IRA FLATOW: Would this be something you slip under the skin of people with psoriasis?
MARTIN FUSSENEGGER: Exactly. We would package it in, not necessarily in this algae gelatin, although this material has been already licenced for clinical trials. We would put that into a plastic bag, which is what we called semi-permeable, which means the immune system will not attack the cells, yet the psoriatic cytokines can go to the designer cells and the designer cells can react to contain psoriasis. And we would put that under the skin, where the designer cells automatically connect to the bloodstream, so they can detect the onset of psoriasis and can produce and systemically deliver the anti-inflammatory proteins.
IRA FLATOW: Could this theoretically, this kind of treatment, be used for other inflammatory diseases like arthritis or autoimmune diseases?
MARTIN FUSSENEGGER: Yes, exactly. The principle is kind of generic, because we could exchange the sensor capacity of these designer cells. Instead of just sensing the two cytokines that are so specific for psoriasis, we would exchange them to send some molecules for other autoimmune diseases. And then, again, the processing capacity could be the same. And in case we needed to produce anti-inflammatory proteins, this could all go into the same concept and could also be designed for other auto-inflammatory diseases and autoimmune diseases.
IRA FLATOW: This is a long process. When we talk about cures or treatments, people who have the diseases, or everybody knows somebody who knows somebody who has something like this, they said, when can I have this. You’re talking about years from now, right?
MARTIN FUSSENEGGER: Yeah. I think this will certainly take 10 years from now on. And this may be a disappointment for some. But I think it’s very important.
This is a completely new treatment strategy which has not been tested before. And safety’s always first. We don’t want to rush this on the market at the risk of harming the patients.

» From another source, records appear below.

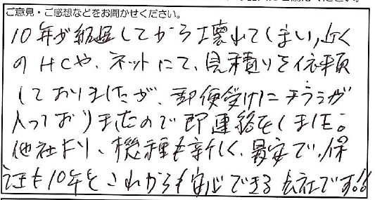 2023.08.19 お客様の声 神戸市 MNS様 10年が経過してから壊れてしまい、近く のHCやネットにて、見積りを依頼 しておりましたが、郵便受けにチラシが 入っておりましたので即連絡をしました。 他社より、機種も新しく、最安で、 保証も10年とこれからも安心できる会社です‼ お客様へ この度は弊社にご依頼いただき、誠にありがとうございます。 お客様からのご感想をいただけて、私たちもとても嬉しく思います。 今後もお客様に満足いただけるよう 一層努力してまいります。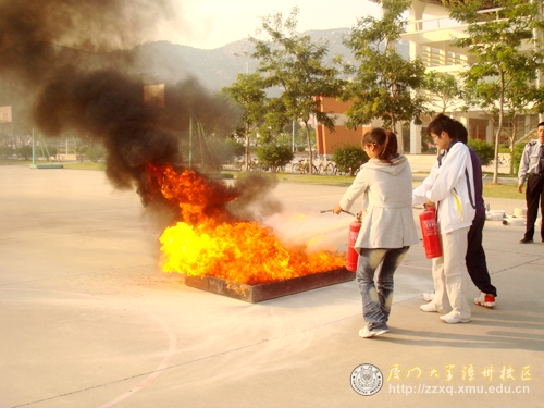孙俊逸向同学们讲解干粉灭火器的使用方法,在场同学进行了相应实践操作。何丽萍表示,同学们的表现可圈可点,不过还是有些灭火要领没有掌握。参与演习的新闻传播学院的周秋萍同学说:“灭火真不是件容易的事。以往看灭火觉得很轻松,但实际上灭火器很重,也不好掌握灭火棒方向。”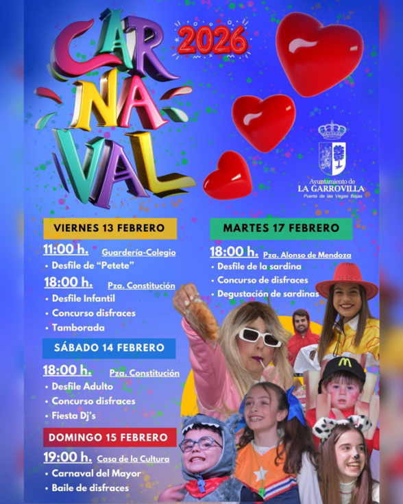 La Garrovilla inicia el desfile de la sardina a las 18:00 horas desde la Plaza Alonso de Mendoza, donde además de la degustación de sardinas, habrá concurso de disfraces.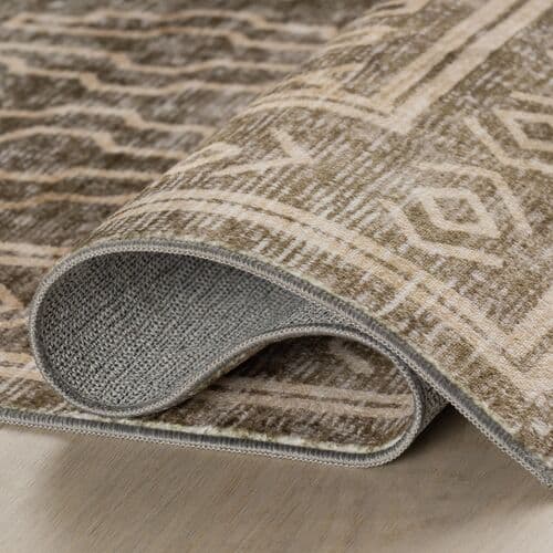 From Padma Lakshmi's exclusive collection, the Vale rug combines tradition and ease in a soft, low-maintenance format. Inspired by carved stonework and architectural motifs, this washable rug brings pattern and texture to your space without overwhelming it. Its muted palette and subtle symmetry make it an ideal choice for high-traffic areas like dining rooms, hallways, or family spaces.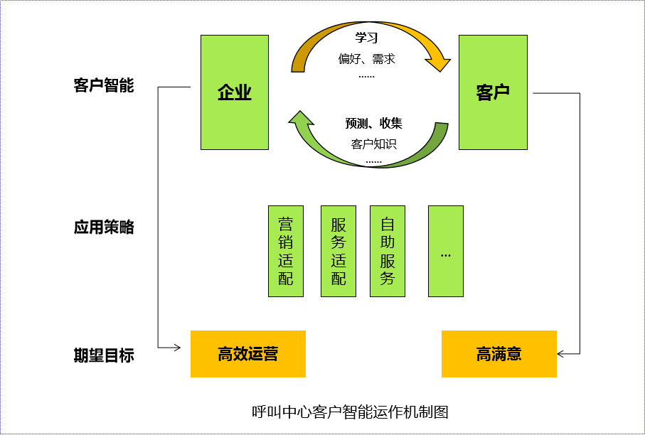 客户智能的概念有很多,放在呼叫中心行业,我们从具体的呼叫中心运作机制、运营价值。可以更具体的理解为,它是一种向客户学习的机制和关系。例如,在这个学习过程中,我们会获得各类客户群体更多的偏好(消费偏好、业务及服务订购偏好……)、需求(最新活动优惠、快速提供售后服务……),继而进一步预测“客户知识”,再通过有效地使用这些“客户知识”,使得企业获得更多竞争优势。此外,还可以结合“客户知识”,更多的教会“客户自学习、自助解决问题”,缓解人工服务压力(图1)。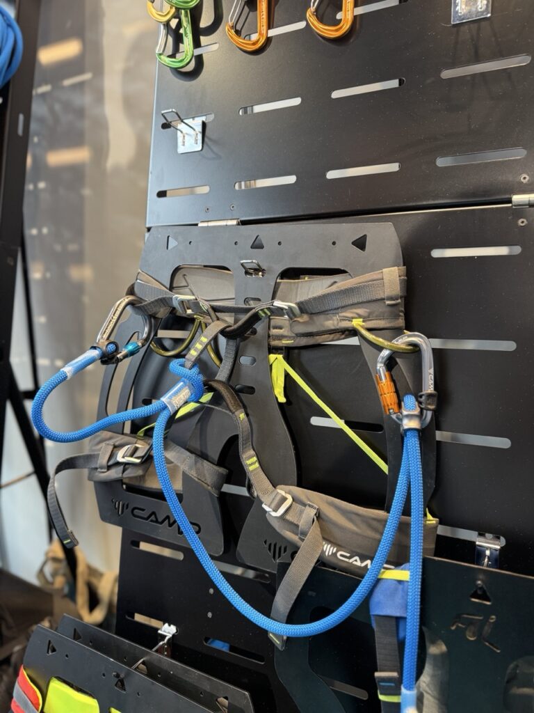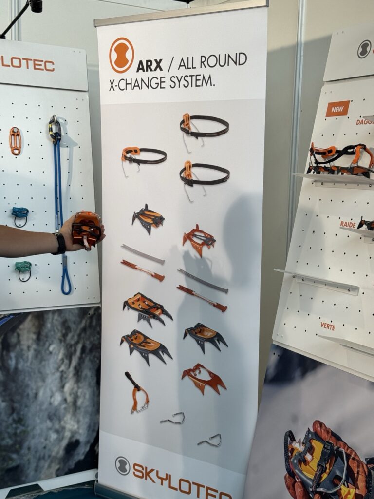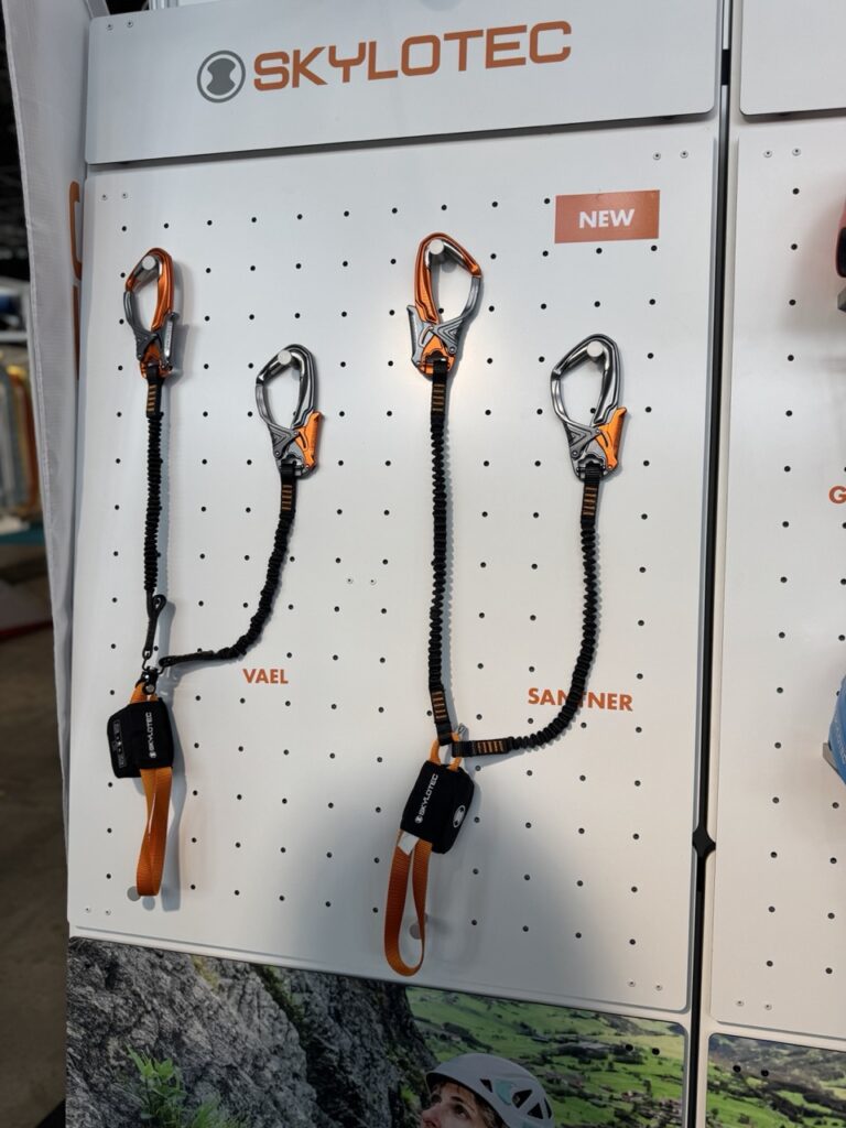 Sur le stand SKYLOTEC (qui vient d’avaler la marque CLIMBING TECHNOLOGY qui disparaitra donc des étales des magasins), nous avons particulièrement apprécié la longe réglable, très simple et pratique, avec mécanisme de réglage enfantin.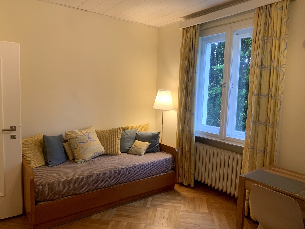 For rent is this lovely furnished room/Studio with private kitchen, bathroom/toilet and balcony with nice views. The entree is shared (with owner). Parking in front of the house. Located near the center of Salzburg in a quiet neighbourhood close to SALK hospitals LKH and CDK, convenient public transport (busses Nr. 1, 12, 28) and infrastructure (supermarket, pharmacy) nearby. Short-term rental for workers, students, etc. No Tourists. Only non-Smoker, no pets, excl. cleaning.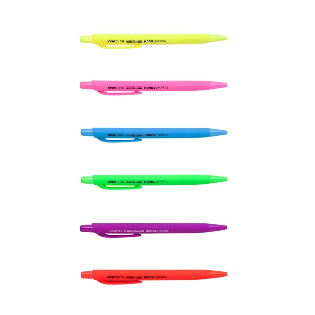 Ручка масляна автоматична TROPICAL TOUCH, серія RUBBER TOUCH ідеальне рішення для офісу, школи та будинку!чорнила зниженої в'язкості і щільності забезпечують м'яке, плавне і легке лист, не вимагаючи натиску на папір і залишаючи чітку лінію прекрасно переносять низькі температури (до -20), зберігаючи свої функціональні властивостішвидко висихають і не розмазуютьсямають помірний рівень витраттригранний корпус RTтовщина лінії письма 0.7ммзмінний стержень: BM.8385-01колір чорнила: синійколір корпусу: зелений, помаранчевий, блакитний, жовтий, рожевий, фіолетовий.упаковка: 36 шт, картонний шоубоксРучки BUROMAX - відмінний інструмент на кожен день!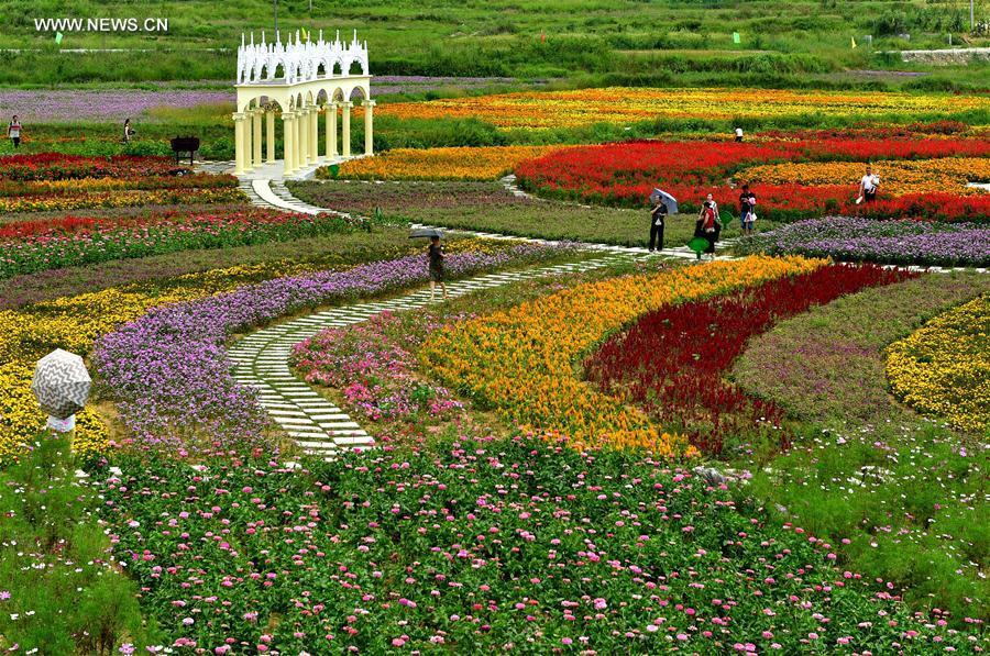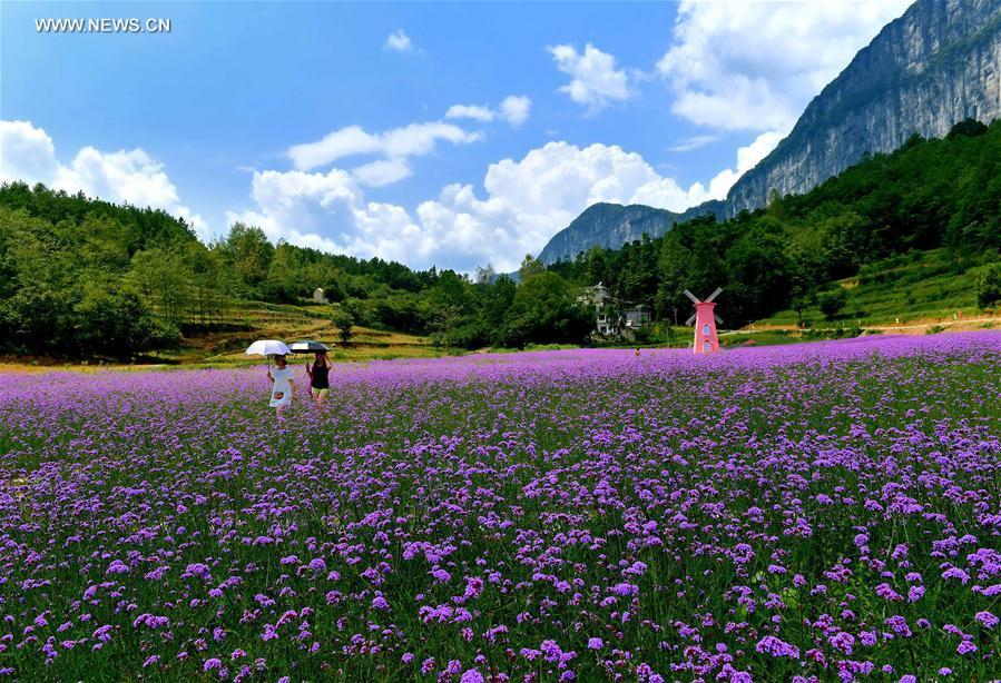 Photo taken on Aug. 21, 2016 shows flowers in the fields in Mazhe Village of Enshi, central China's Hubei Province. (Photo/Xinhua)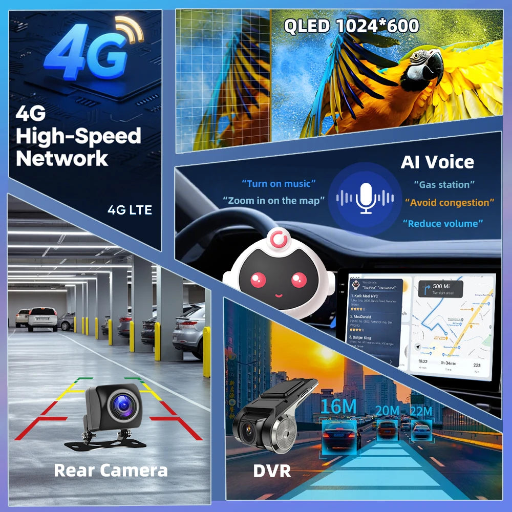 【Opcjonalnie 4G】 Możesz korzystać z szybkiego internetu do streamingu, przeglądania stron internetowych i nawigacji. Bądź w kontakcie w podróży dzięki niezawodnej łączności 4G w samochodzie.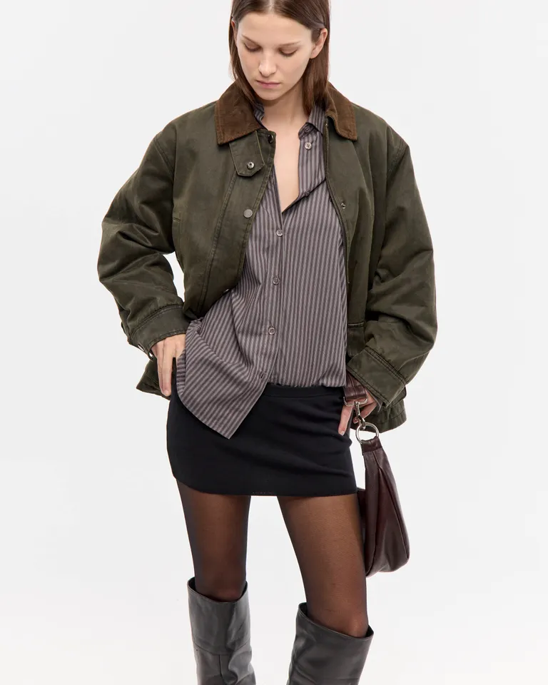 Elegante y versátil pollera corta en punto acanalado, confeccionada en viscosa. Tiro bajo y cintura elastizada para un ajuste cómodo y flattering. Perfecta para eventos formales o un look casual chic.
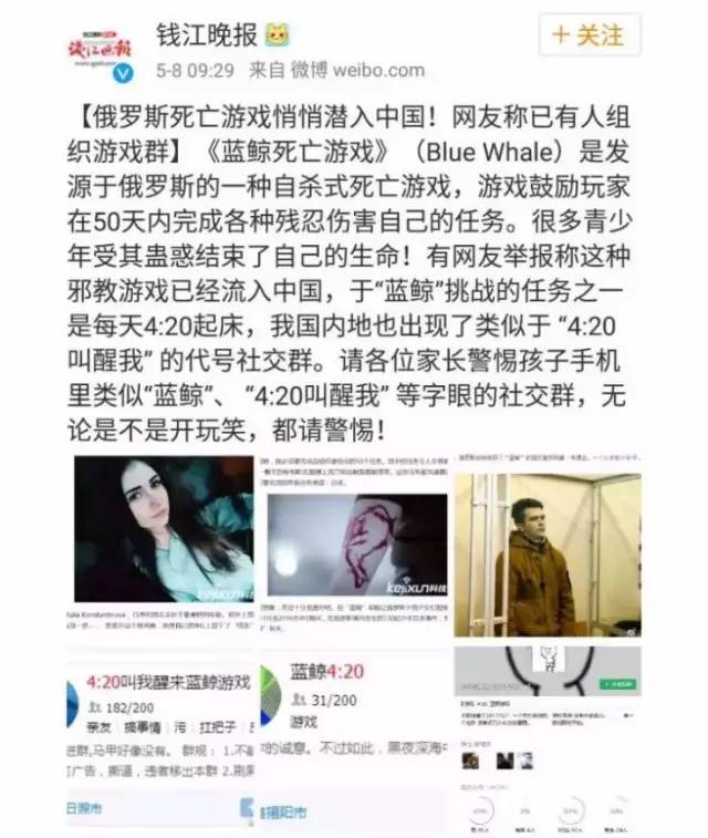 国内也发现了这款死亡游戏的踪迹,小编此前也发文提醒过,尤其是家长要特别注意孩子的QQ群等社交群组。→很危险!俄罗斯“死亡游戏”传入中国,腾讯封掉10多个群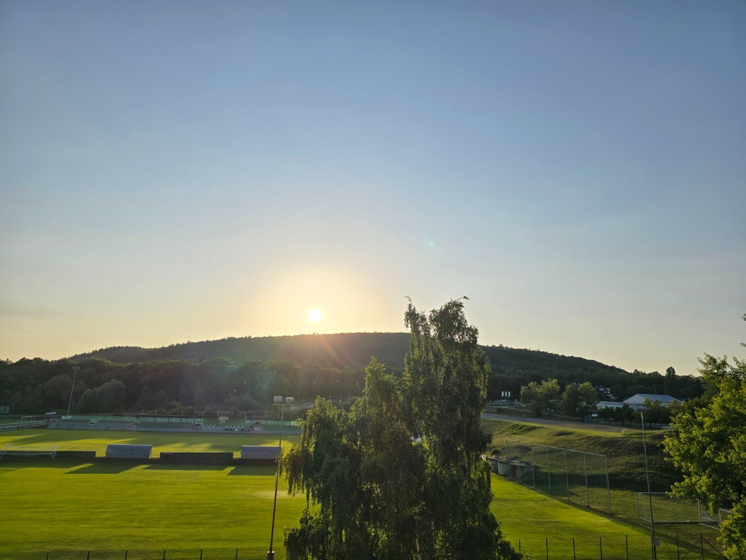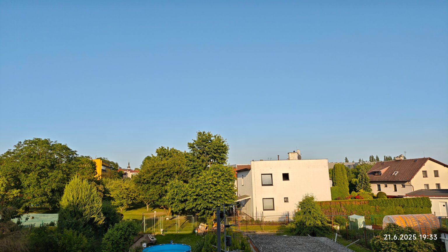 Jasno, slunce svítí, vánek. Pěkná obloha a klidno.

We would like to offer a new treatment concept for psoriasis and beyond. And this needs to be carefully tested according to the rules. And I believe we’re getting there, but it’s not an immediate product that people can expect in the next two, three years. I think this will take 10 years.
IRA FLATOW: Well, Dr Fussenegger, we wish you good luck. And we’ll hope to follow this along with you. Martin Fussenegger, professor of biotechnology and bioengineering at the Swiss Federal Institute of Technology. That’s in Zurich, Switzerland.